**GIVEN MATERIAL**

┌──

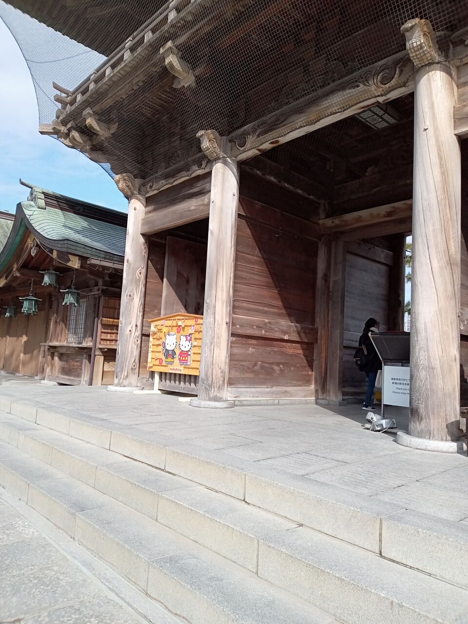 随神門を入ったところ 絵馬をかけるところがキティちゃん
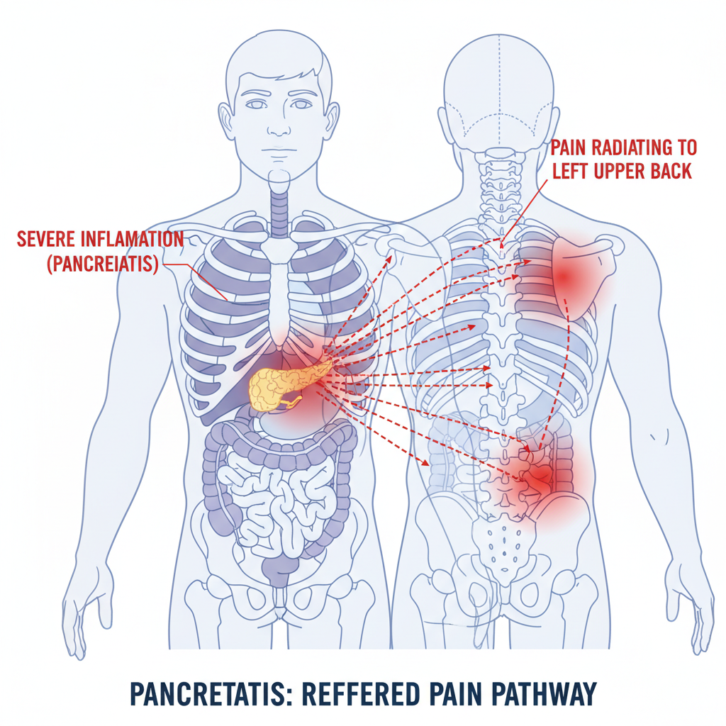 - 췌장염: 췌장은 우리 몸의 왼쪽 상복부 뒤쪽에 위치합니다. 췌장염이 발생하면 심한 복통과 함께 왼쪽 등쪽으로 통증이 퍼질 수 있어요. 식사 후 통증이 심해지는 경향이 있습니다.
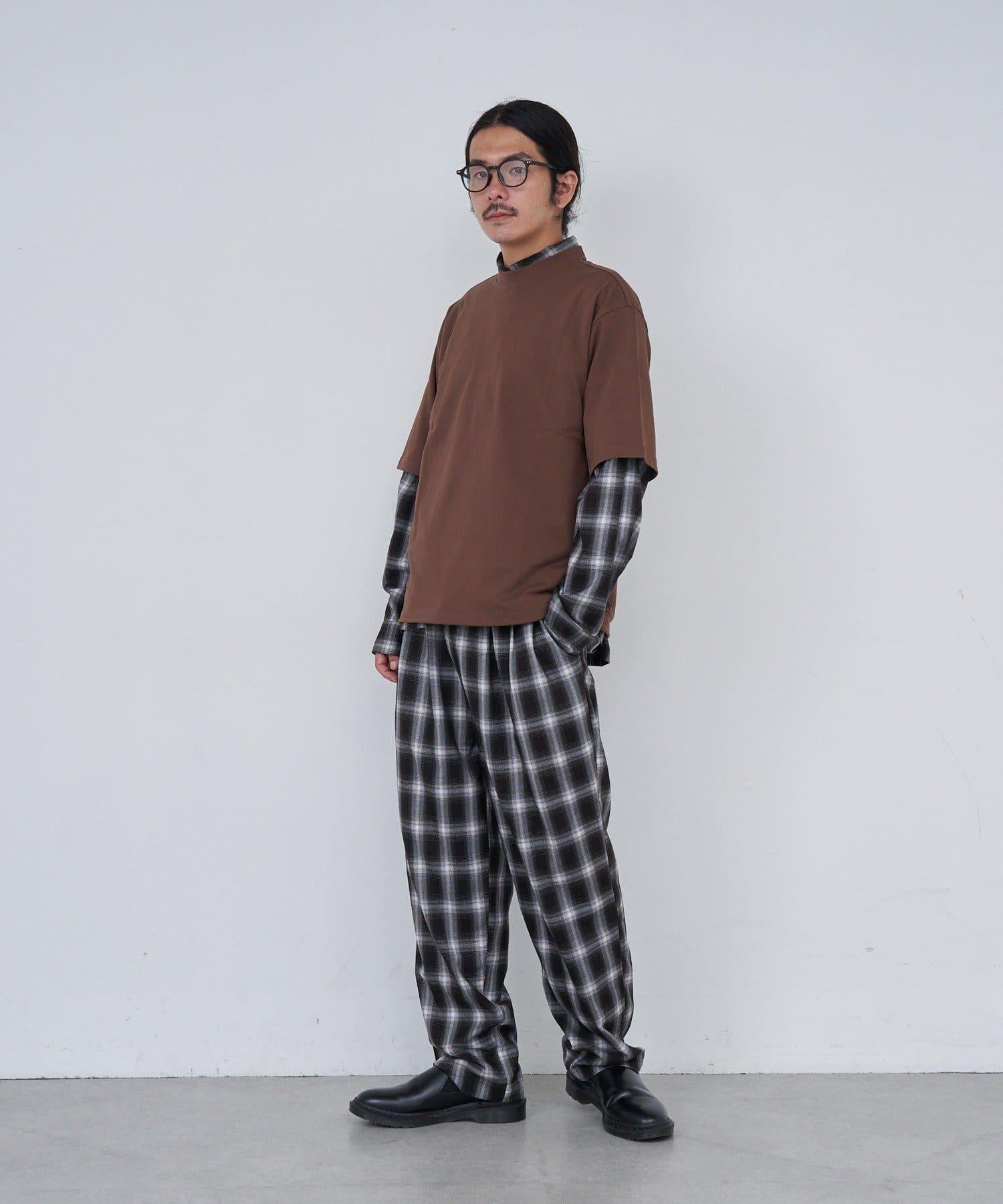 內搭格紋襯衫或長 T,從下襬處露出來,打造有層次感的風格。

└──

**PROBLEM TO SOLVE**
Please retype the whole of the data precisely, omitting pictures.

**SOLUTION FOR THIS TASK**
 随神門を入ったところ 絵馬をかけるところがキティちゃん
 - 췌장염: 췌장은 우리 몸의 왼쪽 상복부 뒤쪽에 위치합니다. 췌장염이 발생하면 심한 복통과 함께 왼쪽 등쪽으로 통증이 퍼질 수 있어요. 식사 후 통증이 심해지는 경향이 있습니다.
 內搭格紋襯衫或長 T,從下襬處露出來,打造有層次感的風格。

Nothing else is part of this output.